Photoinhibition of cholinergic BF neurons during wakefulness, SWS, and REM sleep in the inactive period.
(A–D) Left panel, representative EEG and EMG recordings showing that photoinhibition (yellow bars, continuous yellow light for 30 s) applied during waking (B), SWS (C), or REM sleep (D) in a ChAT-Arch mouse and during waking (A) in a wild-type mouse. Right panel, relative cortical EEG power (0.38-Hz binned frequencies, 30-s duration) at baseline (black trace) and after the onset of photostimulation (yellow trace) in ChAT-Arch mice. n = 3 mice, 10 stimulations per mouse in A–D. p >0.05, two-tailed Student’s t test between baseline and ChAT-Arch mice with bilateral inactivation of cholinergic BF neurons.
Fig 4.
Silencing of cholinergic BF neurons prolongs SWS duration but does not affect REM sleep.
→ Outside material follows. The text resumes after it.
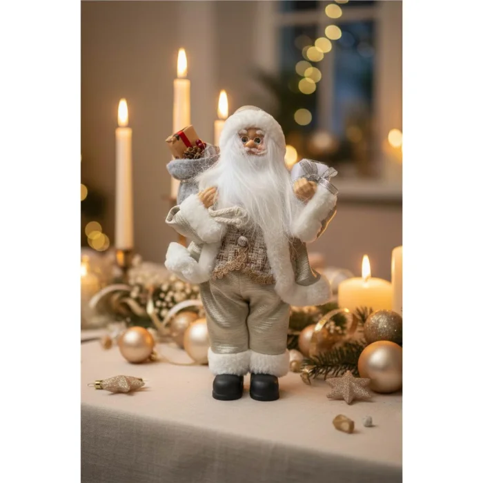 Product: Beyaz Ve Altın Detaylı Noel Baba - 30 Cm

(A, C) Duration of individual SWS episodes at baseline and 30-s unilateral or bilateral continuous inactivation during the inactive period (A) and active period (C). (B, D) Duration of individual REM sleep episodes at baseline and 30-s unilateral or bilateral continuous inactivation during the inactive period (B) and active period (D). The experiments were performed from 13:00 to 17:00 during the inactive period and from 22:00 to 02:00 during the active period. The baseline was determined by analyzing the duration of individual SWS or REM sleep episodes about the same time on the day before inactivation. n = 5 mice, *p <0.05, **p <0.01, two-way ANOVA between stimulation condition and animal type followed by Tukey’s post-hoc test.
Fig 5.
Silencing of cholinergic BF neurons reduces transitions from SWS but does not affect transitions from wakefulness and REM sleep.
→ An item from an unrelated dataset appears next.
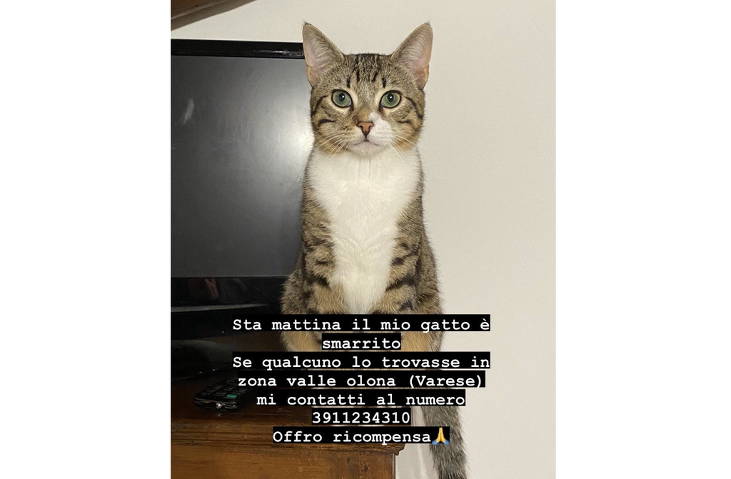 «Chiedo gentilmente se potete pubblicare la foto del nostro gattino Lil. Si è smarrito questa mattina, è buono e si fa avvicinare. Se qualcuno lo trovasse ci può contattare ai seguenti numeri 377.1927483 oppure 391.1234310».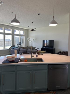 We have two hanging over our new island and they are perfect, beautiful and provide a great light for dinner or just reading the paper.

(A, D) Percentage probability of transition to wakefulness or REM sleep or maintained SWS from SWS within a single 30-s unilateral or bilateral continuous inactivation in the inactive period (A) and the active period (D). (B, E) Percentage probability of transition to SWS or maintained wakefulness from wakefulness within a single 30-s unilateral or bilateral continuous inactivation in the inactive period (B) and the active period (E). (C, F) Percentage probability of transition to wakefulness or maintained REM sleep from REM sleep within a single 30-s unilateral or bilateral continuous inactivation in the inactive period (C) and the active period (F). n = 6 mice, *p <0.05, **p <0.01, ***p <0.001, one-way ANOVA for unilateral or bilateral continuous inactivation compared with control followed by Tukey post-hoc test.
Fig 6.
Six-hour inactivation of cholinergic BF neurons during the inactive or active period.
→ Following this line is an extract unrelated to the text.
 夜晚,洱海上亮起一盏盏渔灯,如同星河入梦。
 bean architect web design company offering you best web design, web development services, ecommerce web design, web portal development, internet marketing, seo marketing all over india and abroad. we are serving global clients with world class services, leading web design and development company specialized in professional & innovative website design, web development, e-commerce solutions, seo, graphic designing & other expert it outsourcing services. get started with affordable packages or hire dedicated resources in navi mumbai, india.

(A, B) Time the ChAT-Arch mice spent in wakefulness, SWS, and REM sleep during 24 h with 6-h inactivation (continuous, 60 s, once every 2 min) in the inactive period (13:00–19:00) (A) and the active period (19:00–01:00) (B). Each symbol represents the hourly mean time in each stage. The baseline was determined by analyzing the hourly mean time in each stage on the day before inactivation. (C, D) Percentage of total times the ChAT-Arch mice spent in wakefulness, SWS, and REM sleep during 24 h with and without light inactivation. n = 6 mice, *p <0.05, **p <0.01, two-tailed Student’s t test between baseline and with light inactivation.
Fig 7.
SWS episode duration increases during 6-h inactivation of cholinergic BF neurons during the active period.
(A, B) Numbers of episodes of wakefulness, SWS, and REM sleep during 6 h with and without light inactivation. n = 5 ChAT-Arch mice. (C, D) Durations of episodes of wakefulness, SWS, and REM sleep during 6 h with and without light inactivation. n = 5 ChAT-Arch mice. (E, F) Numbers of episodes of wakefulness during 6 h with and without light inactivation. n = 5 ChAT-Arch mice. (G, H) Numbers of episodes of SWS during 6 h with and without light inactivation. n = 5 ChAT-Arch mice. **p <0.01, ***p <0.001, two-tailed Student’s t test between baseline and with light inactivation.